Contingency-Aware Planning via Certified Neural Hamilton-Jacobi Reachability

A team of researchers led by Kasidit Muenprasitivej and Derya Aksaray has published a groundbreaking paper on arXiv titled 'Contingency-Aware Planning via Certified Neural Hamilton-Jacobi Reachability.' The work tackles a core challenge in robotics: ensuring provable safety for autonomous systems operating in unknown, dynamic environments. Traditional Hamilton-Jacobi (HJ) reachability analysis provides rigorous mathematical safety guarantees but is computationally prohibitive, as solving the underlying partial differential equations becomes intractable for real-time, high-dimensional planning. The team's innovation lies in using a machine learning model called a Fourier Neural Operator (FNO) to learn the 'solution operator' for these safety equations. This allows the system to rapidly compute certified safe regions—known as backward reach-avoid sets—under varying obstacle configurations, a process demonstrated to be roughly 1000 times faster than conventional numerical solvers.

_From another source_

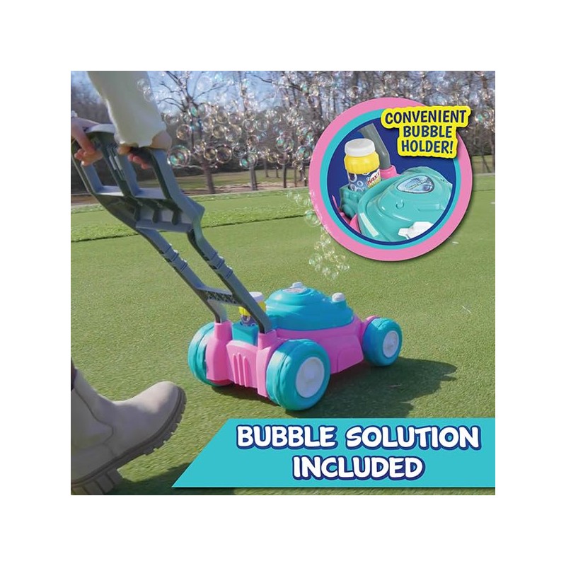 - Parents will love the newly designed bubble wheel with mess-free construction. Assembly is quick is easy. Simply slide the ends of the handles on to the mower, pour in your solution and you're ready to go!

This certified, neural-based reachability analysis is then integrated into a practical planning framework. The system combines the pre-computed safe sets with a sampling-based, multi-goal planner. Crucially, it enforces constraints based on these reachable sets and includes a fallback 'recovery policy.' This policy guarantees that if a robot's primary navigation plan is disrupted, it can execute a contingency maneuver to return to a known safe region within a finite time. The researchers validated their framework through simulation, deploying it on a KUKA youBot mobile manipulator in the Webots environment. The results demonstrate that the robot can achieve asymptotically optimal navigation—meaning its performance approaches the theoretical best over time—while maintaining mathematically proven safety and contingency behaviors, a significant step toward trustworthy autonomy in complex real-world settings.